_What you should do_:
Could you write out, exactly as they stand, only the lines in the listing below from the line with "關(guān)于小潤(rùn)發(fā)提貨券合作調(diào)整公告" to the line with "Gift certificate for", both ends included, without the pictures?

_Entries shown_:

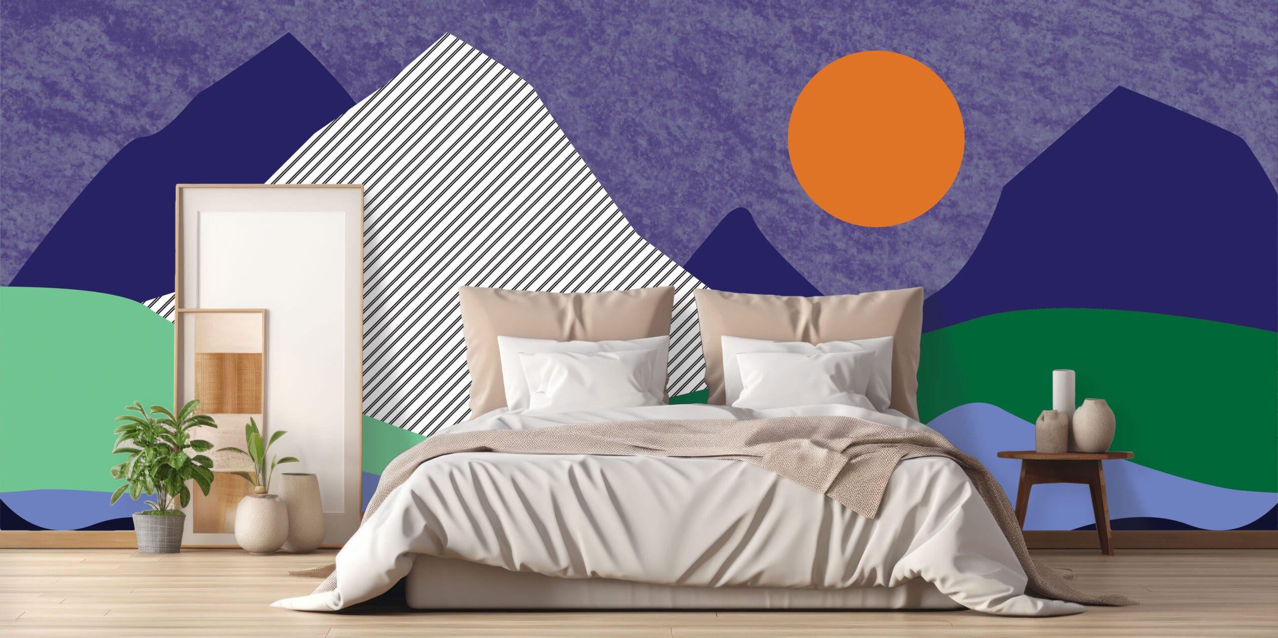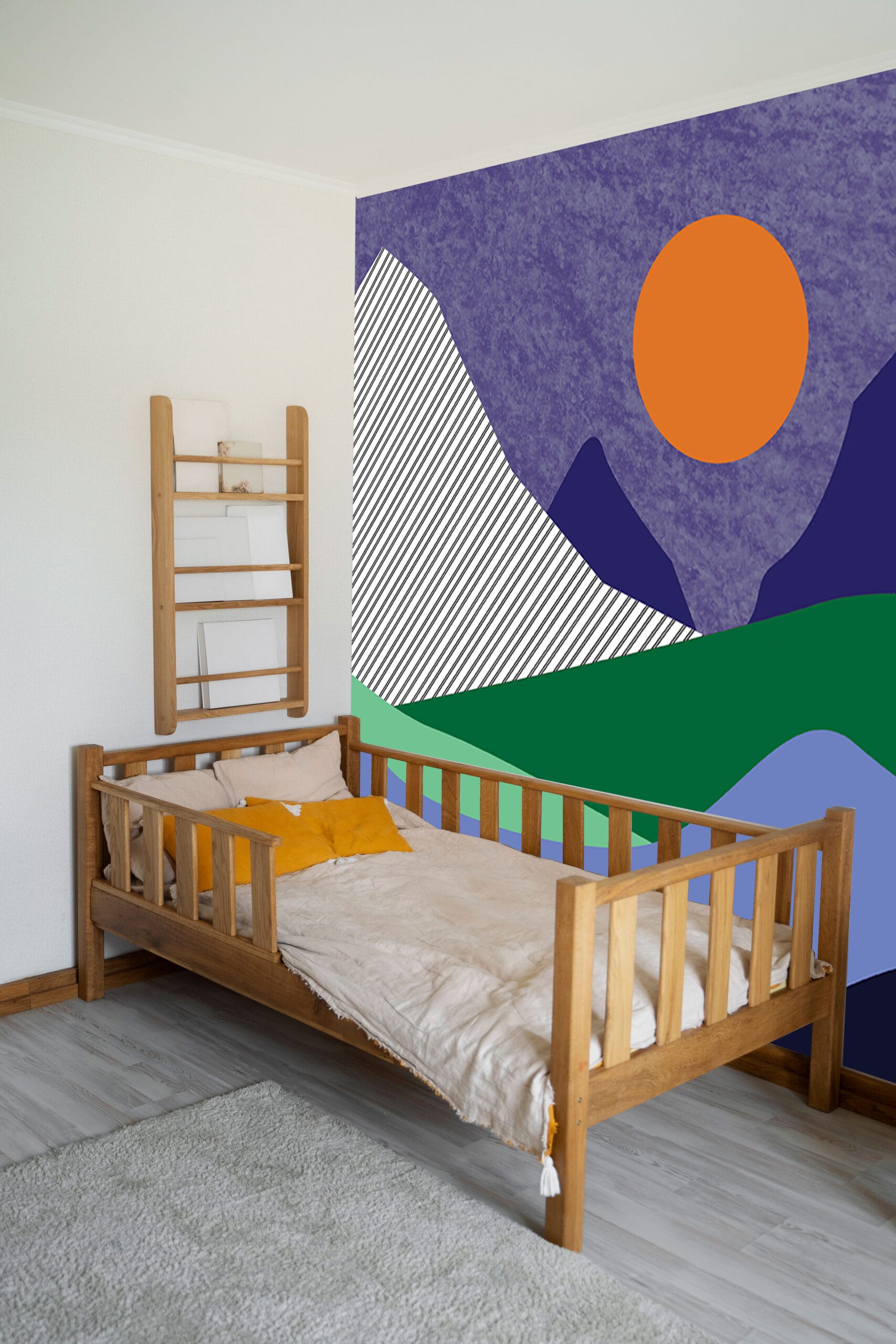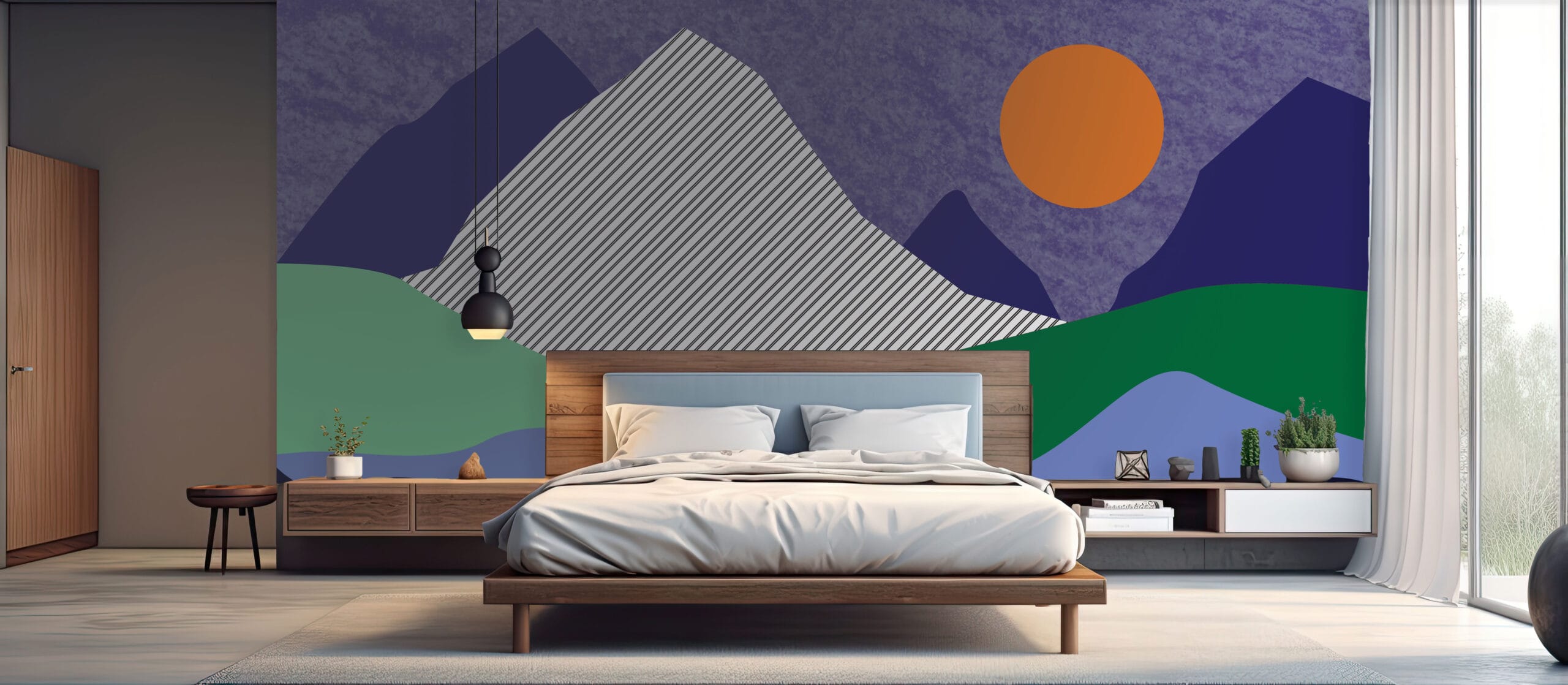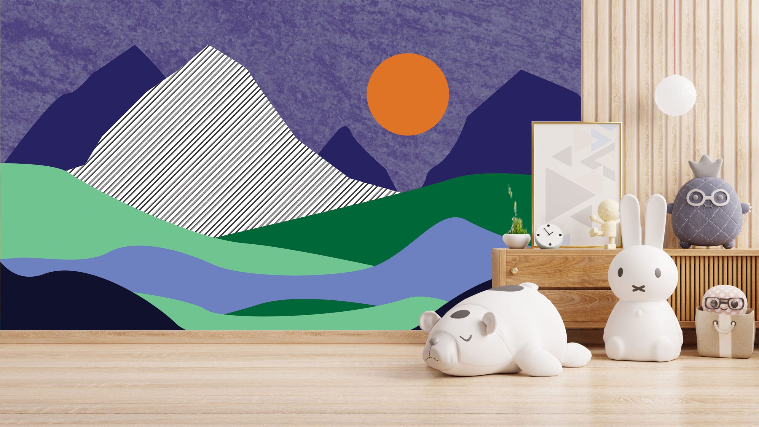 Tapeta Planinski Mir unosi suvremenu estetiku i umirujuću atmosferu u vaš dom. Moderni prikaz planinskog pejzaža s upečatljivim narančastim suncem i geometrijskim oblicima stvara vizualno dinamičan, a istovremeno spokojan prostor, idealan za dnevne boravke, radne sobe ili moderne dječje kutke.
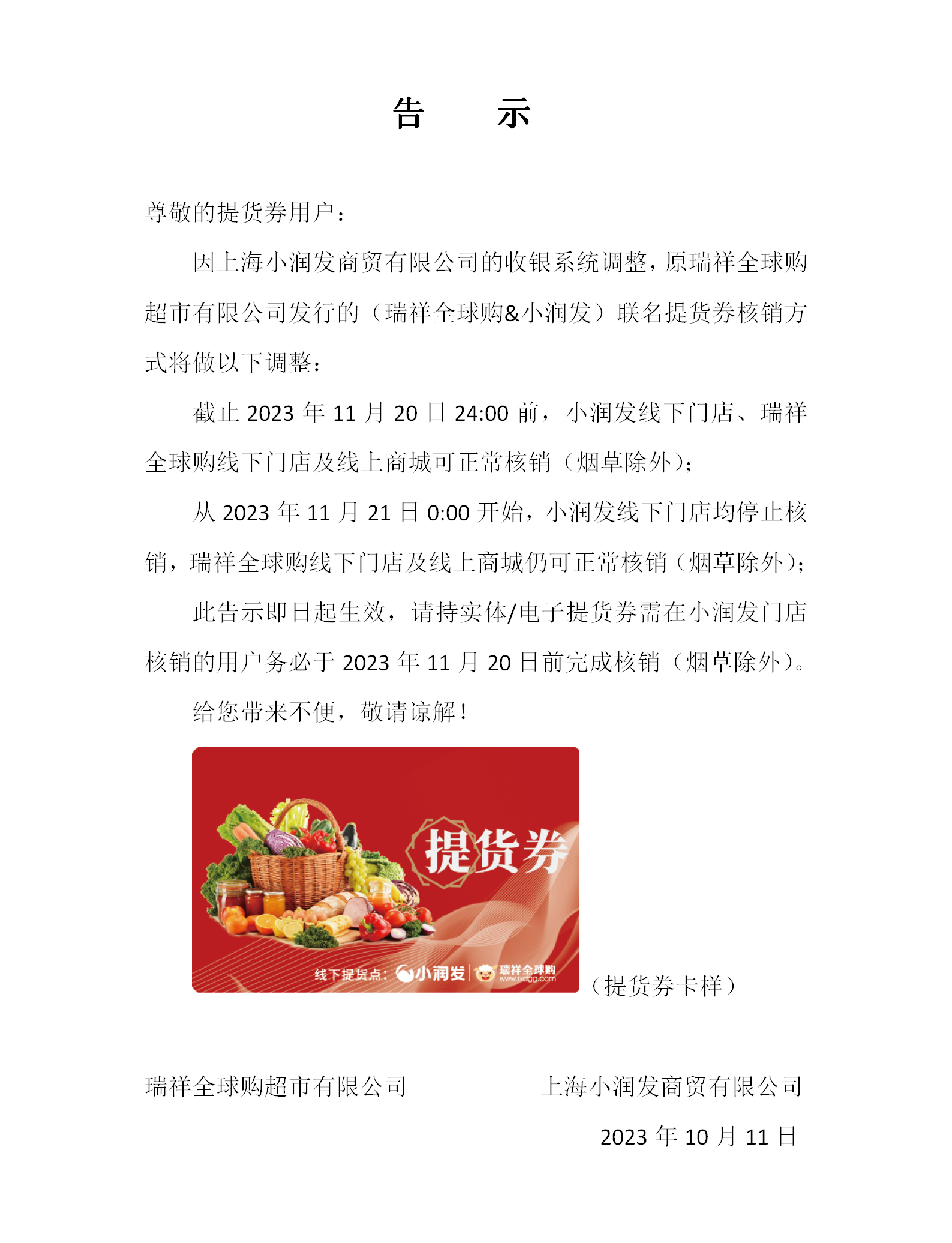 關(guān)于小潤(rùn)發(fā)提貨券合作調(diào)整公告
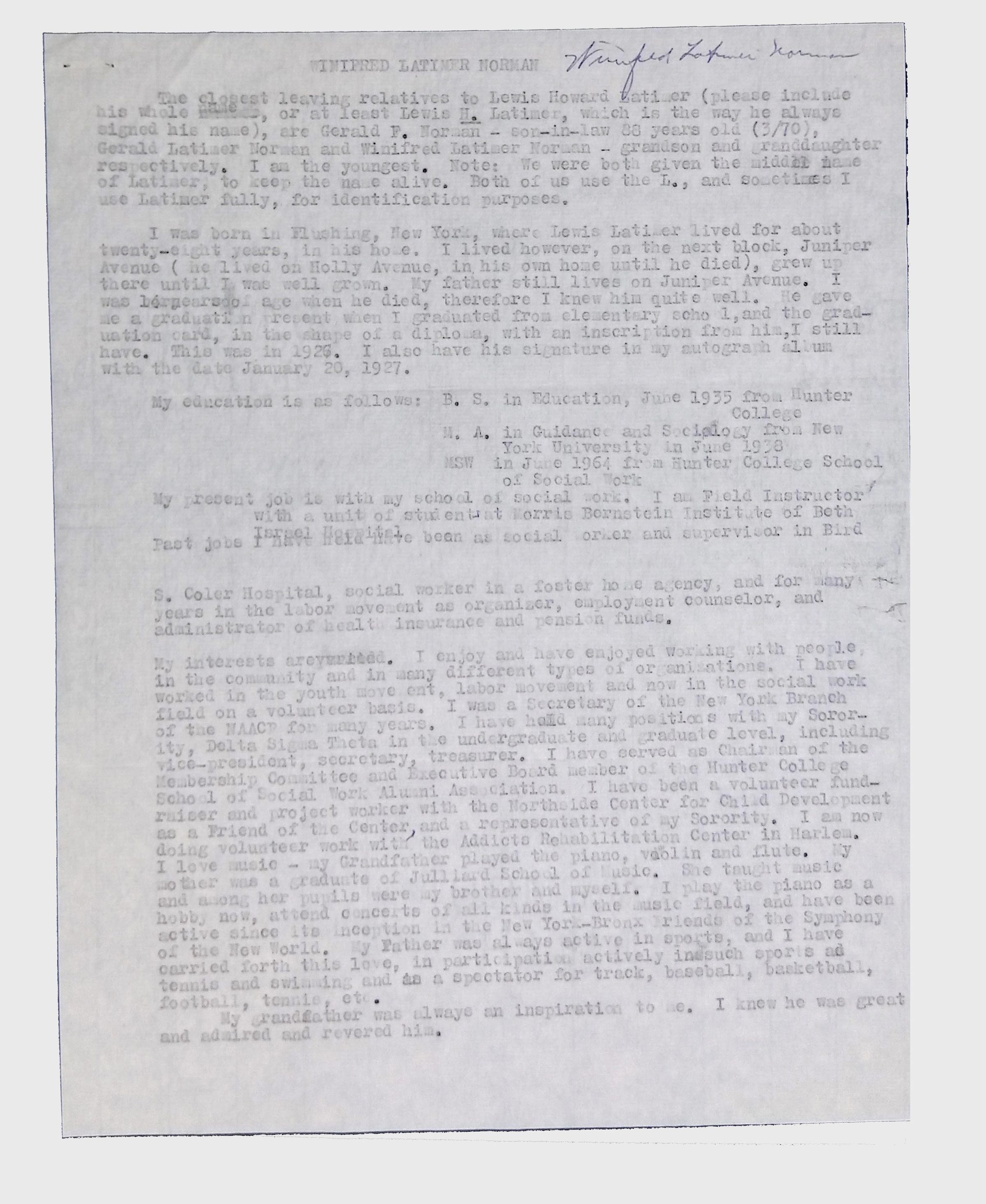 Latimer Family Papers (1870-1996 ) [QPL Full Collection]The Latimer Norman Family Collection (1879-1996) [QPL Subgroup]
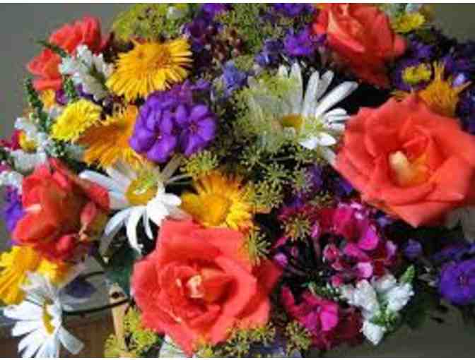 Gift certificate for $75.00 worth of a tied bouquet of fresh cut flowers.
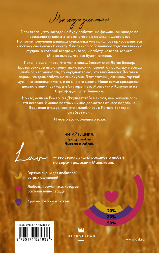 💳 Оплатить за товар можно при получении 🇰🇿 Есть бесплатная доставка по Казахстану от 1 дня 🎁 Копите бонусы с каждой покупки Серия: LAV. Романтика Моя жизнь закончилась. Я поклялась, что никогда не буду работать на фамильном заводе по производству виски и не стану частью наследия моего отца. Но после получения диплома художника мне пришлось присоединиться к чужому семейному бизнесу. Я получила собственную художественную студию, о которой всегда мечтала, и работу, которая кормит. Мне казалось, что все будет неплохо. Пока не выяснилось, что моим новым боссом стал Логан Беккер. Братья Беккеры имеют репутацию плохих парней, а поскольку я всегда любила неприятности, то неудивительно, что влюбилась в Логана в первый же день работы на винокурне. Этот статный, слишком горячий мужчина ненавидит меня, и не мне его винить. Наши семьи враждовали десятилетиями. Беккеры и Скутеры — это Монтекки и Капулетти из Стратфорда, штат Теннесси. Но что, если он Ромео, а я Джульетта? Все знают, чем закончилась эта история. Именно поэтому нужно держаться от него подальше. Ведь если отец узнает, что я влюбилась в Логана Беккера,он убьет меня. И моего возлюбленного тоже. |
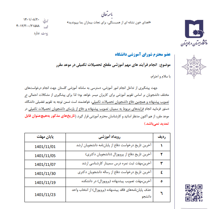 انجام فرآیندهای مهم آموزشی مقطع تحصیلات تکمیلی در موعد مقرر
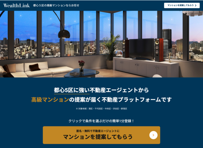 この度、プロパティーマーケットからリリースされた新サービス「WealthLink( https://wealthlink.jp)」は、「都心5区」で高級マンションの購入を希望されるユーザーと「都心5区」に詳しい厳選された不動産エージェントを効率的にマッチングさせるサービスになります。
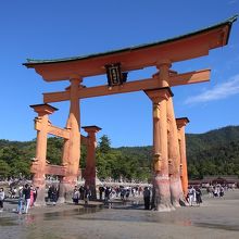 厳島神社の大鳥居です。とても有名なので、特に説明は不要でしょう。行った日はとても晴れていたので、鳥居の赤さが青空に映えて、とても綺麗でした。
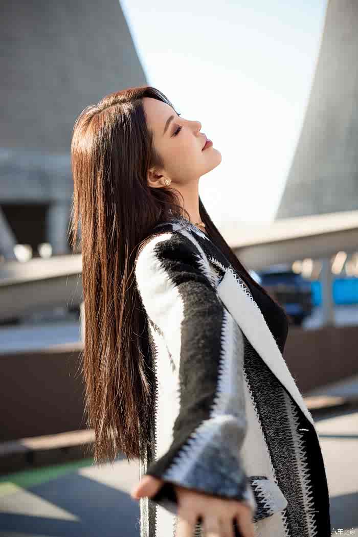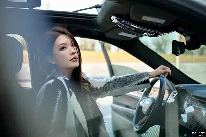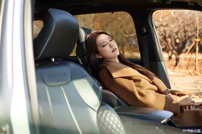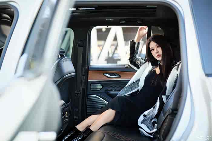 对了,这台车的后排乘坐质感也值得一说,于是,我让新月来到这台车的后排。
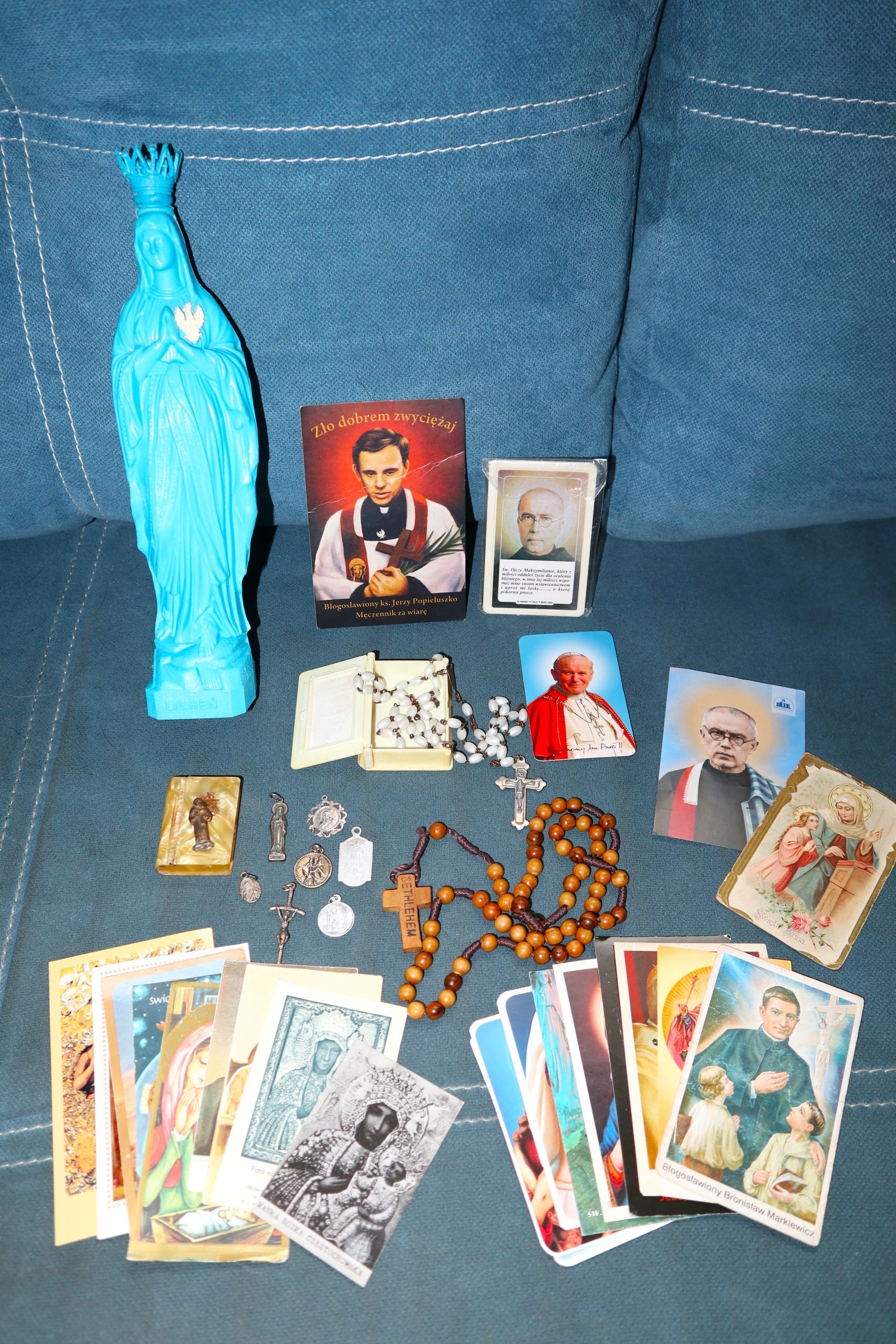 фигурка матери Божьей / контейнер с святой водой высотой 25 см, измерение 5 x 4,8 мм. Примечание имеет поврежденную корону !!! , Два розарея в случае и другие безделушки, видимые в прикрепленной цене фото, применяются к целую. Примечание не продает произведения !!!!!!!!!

_Result of the exercise_:
 關(guān)于小潤(rùn)發(fā)提貨券合作調(diào)整公告
 Latimer Family Papers (1870-1996 ) [QPL Full Collection]The Latimer Norman Family Collection (1879-1996) [QPL Subgroup]
 Gift certificate for $75.00 worth of a tied bouquet of fresh cut flowers.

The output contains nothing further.